Thursday, February 10, 2011

Q: Given that the universe is expanding and the Solar System is hurtling through space, is there any frame of reference for zero motion?

The laws of physics (Maxwell's equations, etc.) work the same in any inertial reference frame, so in that sense, no, there is no inertial reference frame that is the unique one with "zero motion." Space could just as easily be hurtling past the Solar System as the Solar System is past space!

However, one thing we can observe is the light from shortly after the Big Bang (about 300,000 years after). This "Cosmic Microwave Background Radiation" was discovered in the 1960s and has dimmed considerably over the last 14 billion years. It has the spectrum of a "black body" -- like the light you get off a hot piece of metal, like a lightbulb filament, except that this piece of metal is 2.725 Kelvins.
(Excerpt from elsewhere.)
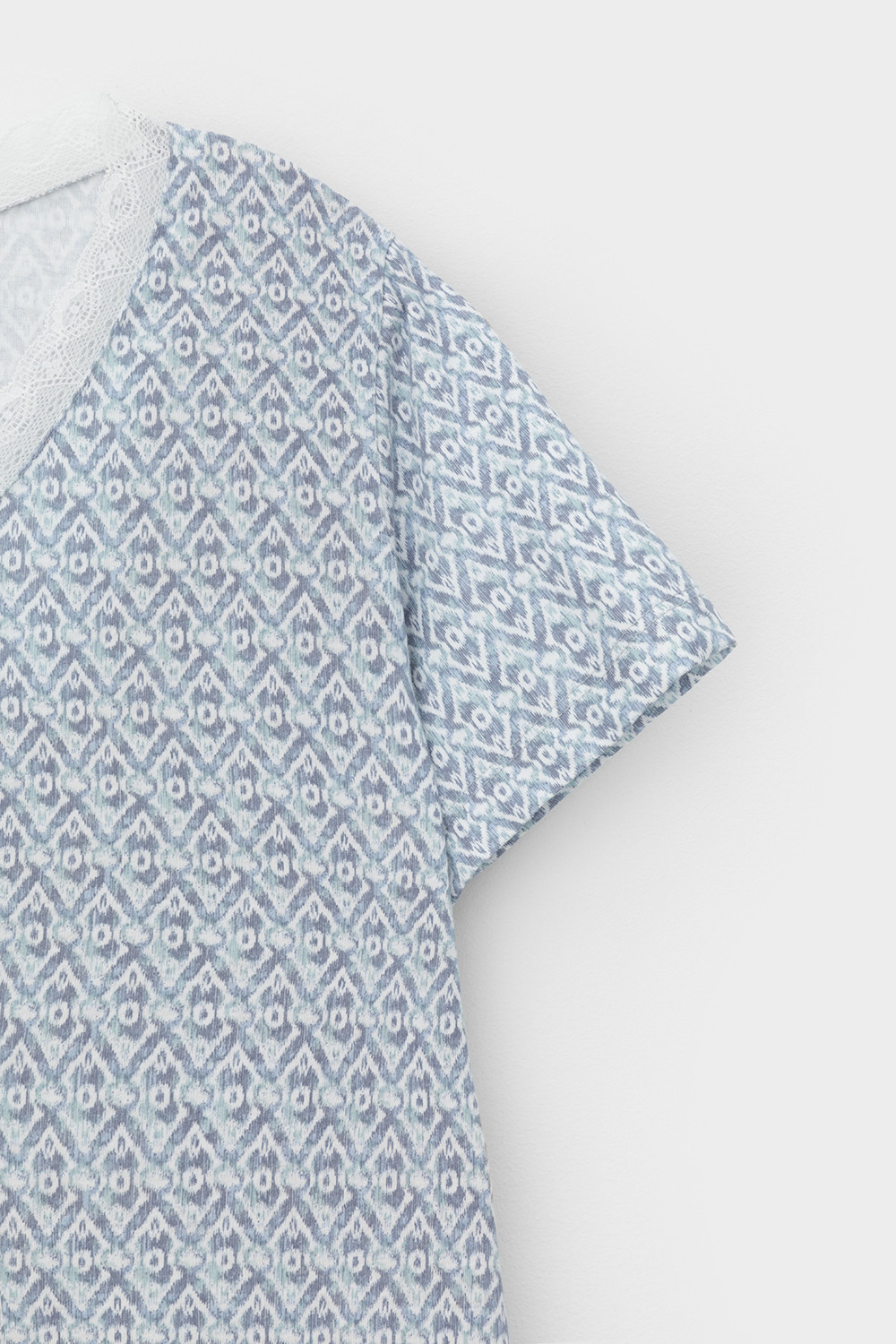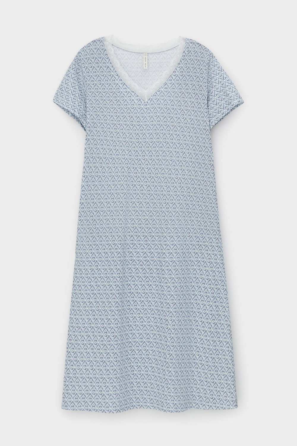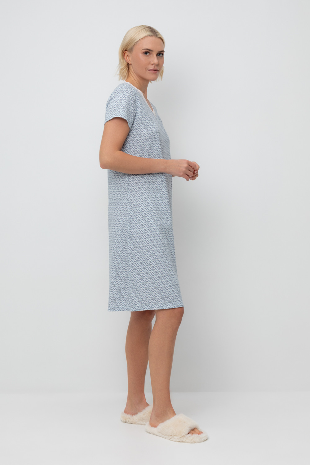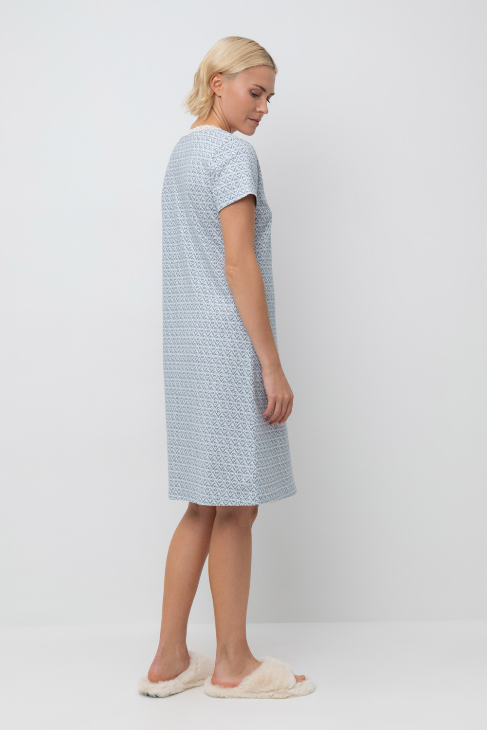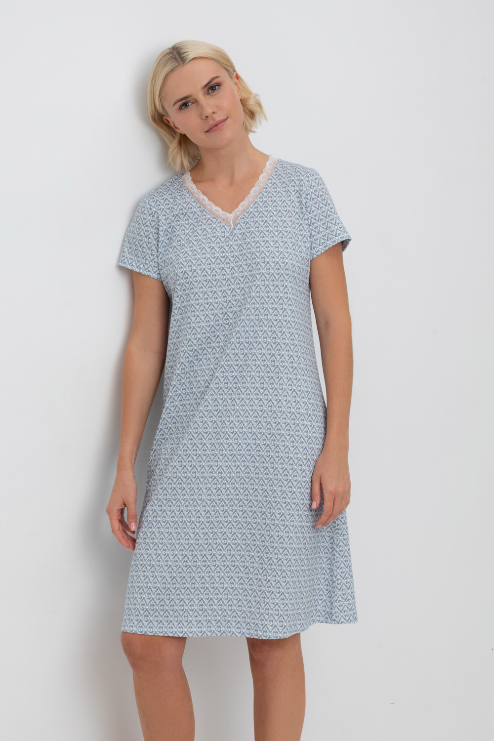 Комфортная сорочка с коротким рукавом выполнена из  высококачественного гребенного хлопка.  Эластичное кружево нежно обрамляет зону декольте, а свободный крой добавляет комфорта во время сна.

The COBE and WMAP satellites have observed that the light is slightly bluer in one direction in space (l = 264 degrees, b = 48 degrees) by about 3.4 milliKelvins and slightly redder in the opposite direction. We believe this is like the Doppler shift that happens when an ambulance drives by and shifts in pitch -- in other words, that the Solar System is flying through this background radiation, left over from the Big Bang, at a particular speed and direction.
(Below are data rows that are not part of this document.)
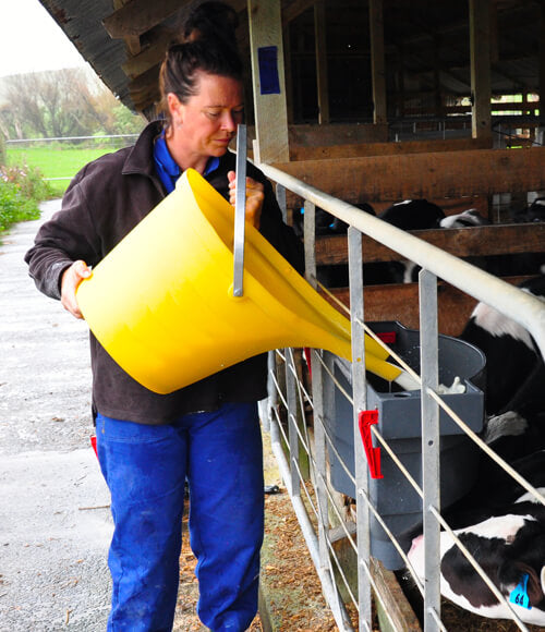 The specifically designed Rail Pail has a curved spout that slides through the rails or gate and sits on the back of the feeder so you are not taking the full weight of the milk on your elbows and back. There is a finger grip at the base, so while the spout is taking the weight, you can lift the base of the bucket for easy filling. Marked increments give you a good idea of volume. Available in three cheerful colours, Green: 950100 Yellow: 950101 Pink: 950102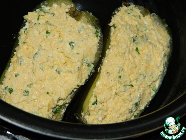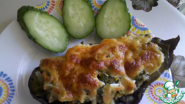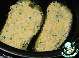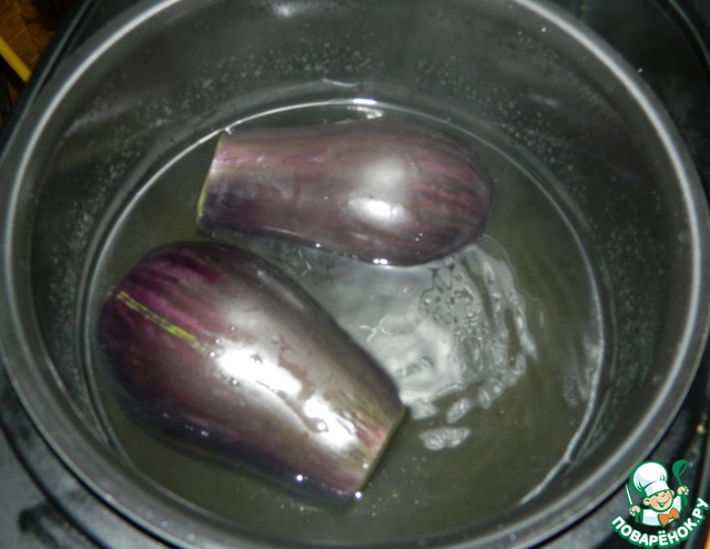 Баклажаны разрезать вдоль. Положить в кипящую соленую воду на пару минут. Остудить. Ложкой выбрать в баклажане канавку.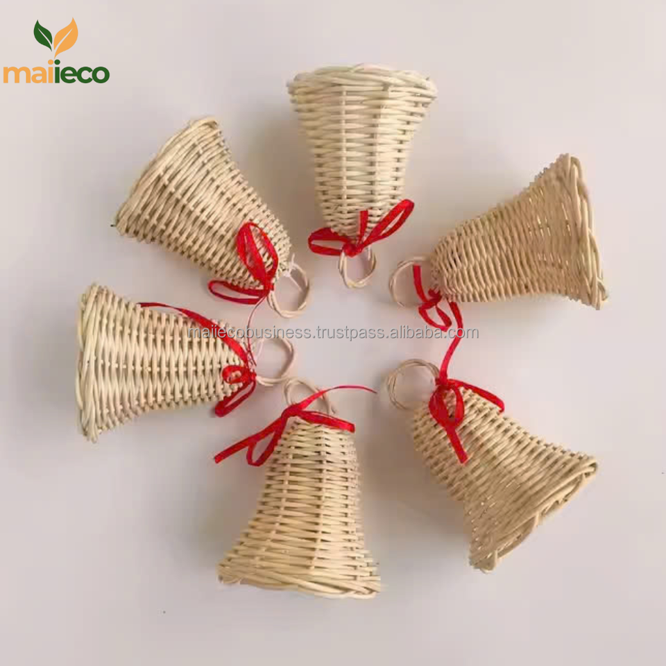คำอธิบาย:ระฆังหวายตกแต่งต้นคริสต์มาสของเล่นหวาย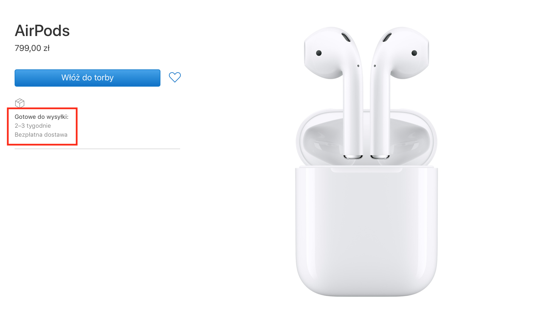 W obecnej prognozie na 2 do 3 tygodni klienci mogą spodziewać się otrzymania zamówionych w sklepie internetowym AirPod na początku września.

We can calculate the velocity that must be:

2.725 K + 3.4 mK = \frac{(2.725 K) \sqrt{1 - (v/c)^2}}{1 - \frac{v}{c}}

Solving for v, we get v = 229 miles per second.

So, to sum up, in theory anybody in the universe who can measure the CMB precisely enough can agree on a "CMB rest frame" that is moving, relative to our Solar System, in the opposite direction from the galactic coordinates l = 264 degrees, b = 48 degrees, at the speed of 229 miles per second.